Markets should have reacted. The price of silver should have shot up. But it didn't. Slowly, during the 20th Century, actual metal deliveries were replaced by paper contracts on the Comex and other exchanges, so much so that eventually 98% of the market became virtual.
This didn't mater much during the good times. Silver is bulky. Who wants to receive 2 tons of silver, monthly? It cost money to move and to store.
But then new technologies emerged and suddenly once again people needed silver It is a very good electric conductor. Plus it was cheap and convenient.
It is only a few years ago that we started reading alarming reports: Where was the silver going to come from in a few years? Demand was exploding and no new mines were planned anywhere around the globe.
This leads us to the current market where suddenly, everyone is realizing that there is no silver left and consequently is asking for deliveries of actual metal. Normally when this happens, the price spikes (already the case as the ratio went from 100 to 50 in 2 years), reserves are found and the price comes down. Except that this time, it is truly different: There are no reserves available.
What happens then? Well, we are about to see, but nothing good. Markets are complex these days and deliveries have transportation, 30 day delays and other quirks baked in the cake.

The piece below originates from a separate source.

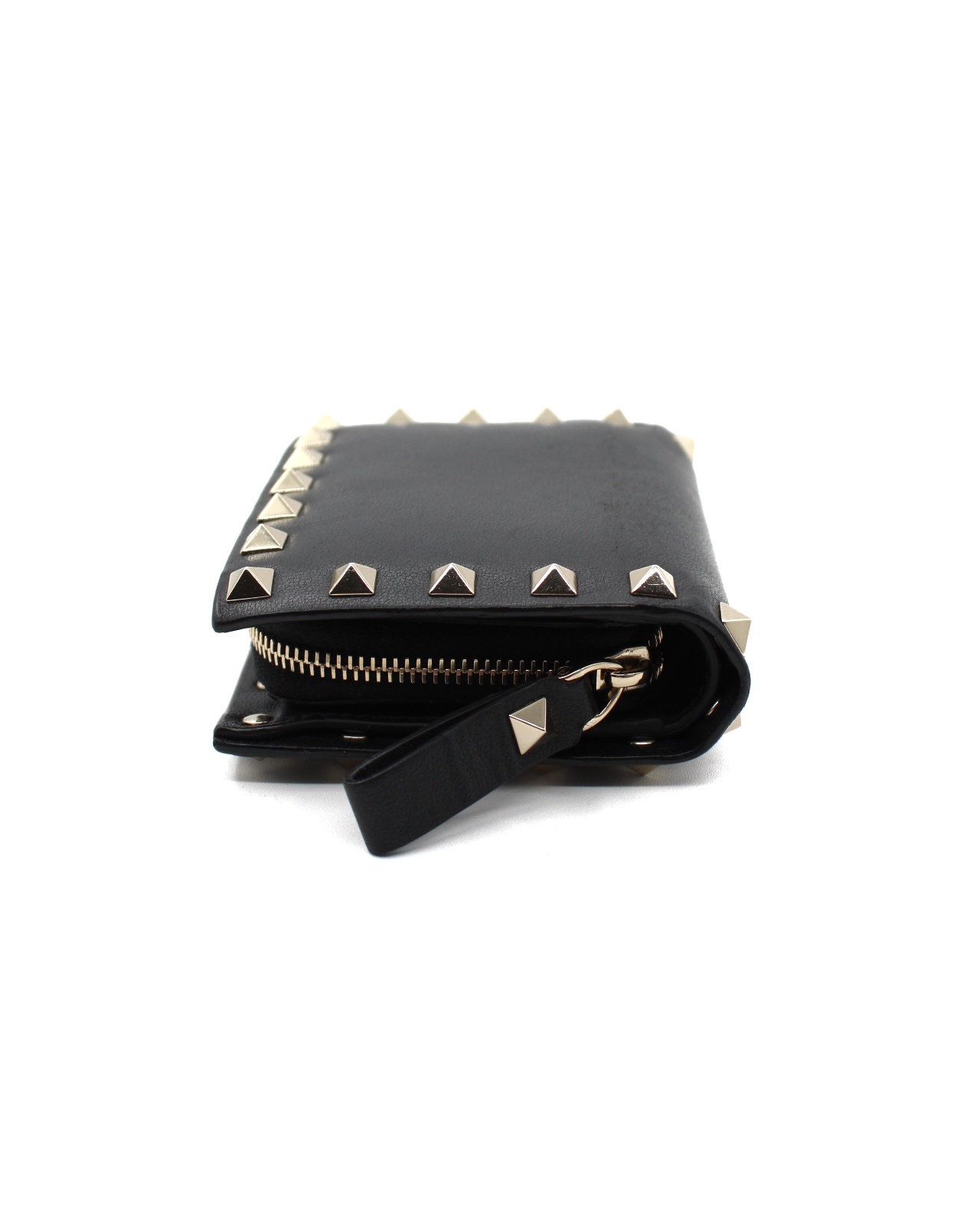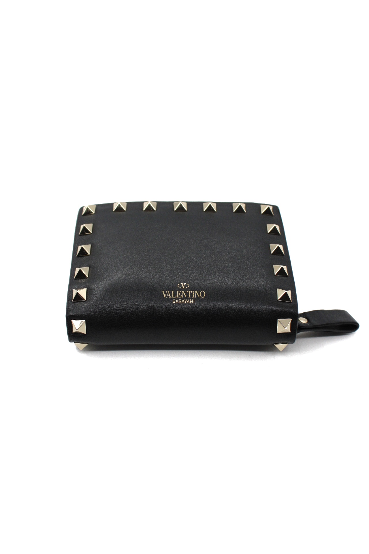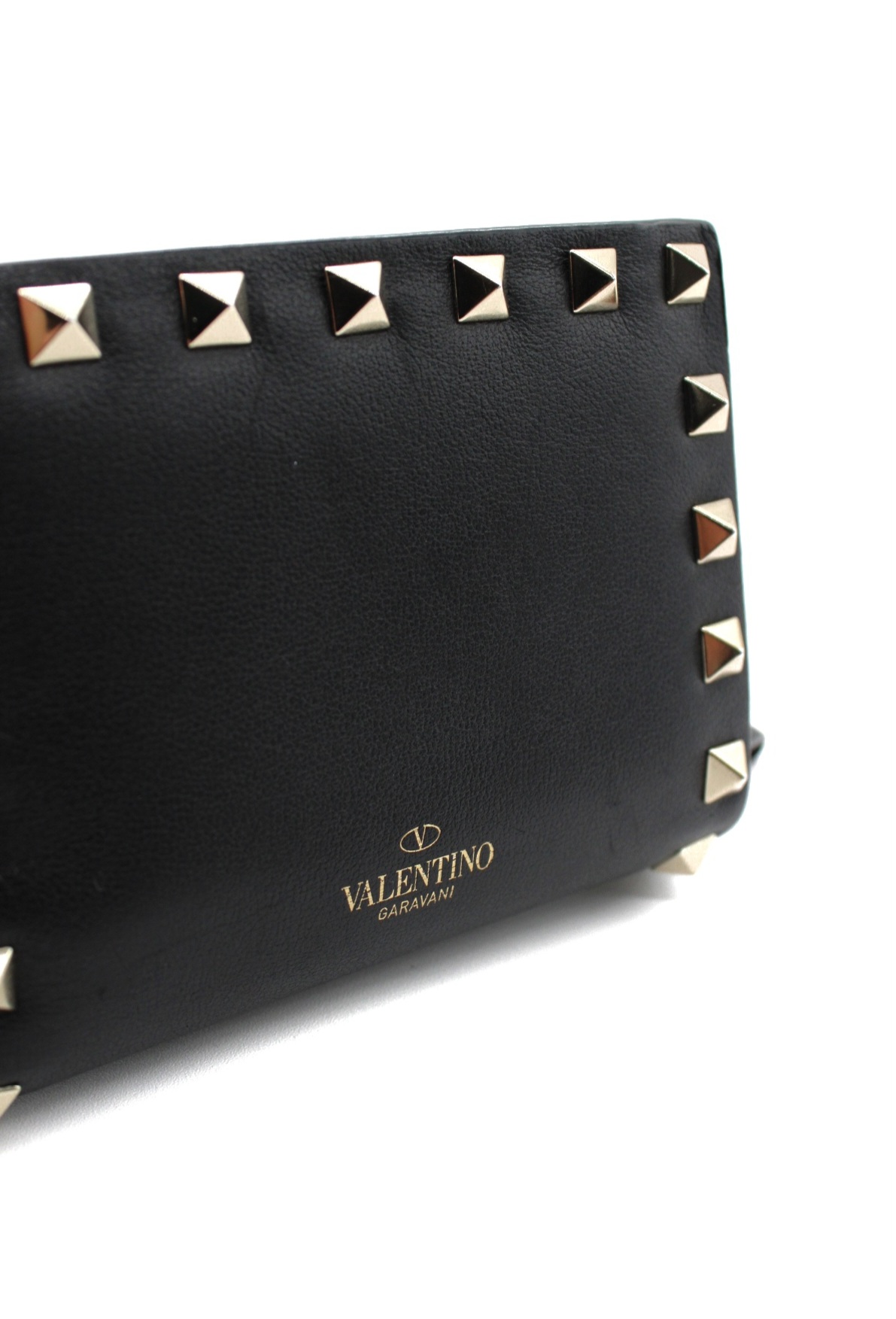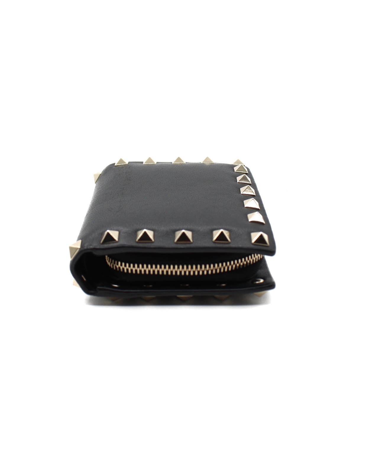 Portafoglio Valentino Rockstud in pelle di vitello nero e hardware dorato. Dotato di 5 fessure per carte , una tasca piatta per banconote ed un portamonete con zip. Articolo in ottime condizioni completo di dust e cartellini.

The market will not implode overnight. But if deliveries fail, the market will implode. Confidence will be lost and the panic could quickly spread to other goods. If the silver market is broken, what else?
Well, welcome to 2026!
by Greg Hunter’s USAWatchdog.com,
Financial writer and precious metals expert Bill Holter (aka Mr. Gold) has been sounding the alarm of the profound risk in the financial system.
At the beginning of December, Mr. Gold warned about the record setting silver prices and said, “It’s pretty clear and pretty obvious that something behind the scenes is breaking.”
What is “breaking” is the extremely leveraged futures markets with not enough physical silver to deliver.
Fast forward to the end of the month, and new record highs in gold and silver are happening every day. Mr. Gold says,
“They are gobbling up all the supply available because they understand this is the end of the fiat currency experiment that started August 15 of 1971. Fiats are collapsing.
This is the Hunt brothers on steroids because you have the entire world buying physical. The Hunt brothers got into trouble because they were buying paper contracts, and COMEX changed the rules. COMEX can change any rules they want . . . it won’t matter because the rest of the world is buying cash and carry . . . they will not accept paper contracts. They want real physical metal.”
Here is where it gets both interesting and dangerous. What happens if the short sellers cannot deliver the silver promised? Mr. Gold says,
“People say if they can’t deliver, and I am going to tell you at some point they will not be able to deliver, when that moment happens, it’s game over for the entire financial system. Silver, and I believe it will be silver that fails to deliver, silver is the blasting cap to the gold nuclear bomb. When silver fails to deliver, then immediately there will be a pile into COMEX gold, and they will not be able to deliver the gold. Once that happens, you have failures of contracts that are proven fraudulent. They are zeroed out and cannot perform. Then it spreads to cattle, pork bellies, grains and you name it. This is not to mention the financials of stocks and bonds. Once you prove fraud in silver, that’s going to spread to all the derivatives, and we will have a derivative meltdown. . .. The world wants gold and silver because those are the only two monies that cannot default.”
What you are seeing in the gold and silver markets now is far from a top. This is just getting started. Mr. Gold says,
“These contracts are a zero-sum game. There is a winner and a loser. If the loser loses so big that they go belly up, then the winner becomes a loser because they can’t get paid. That is the problem. . .. When this actually hits and there is a failure to deliver, gold and silver will be wiped off the shelves, and there will be none to be bought. . .. This will be a run for safety, and fear is the greatest emotion there is. Fear is a far greater emotion than greed. . .. This is going to turn into a reverse bank run into gold and into silver because they cannot default in a world that is defaulting. . .. What you are witnessing is the end of trust. When you have the end of trust, the confidence breaks and credit is forthcoming only when there is trust. Once confidence breaks, the credit markets will begin to seize up. . .. When credit stops, it’s game over. You will see markets, institutions and stores shutter.”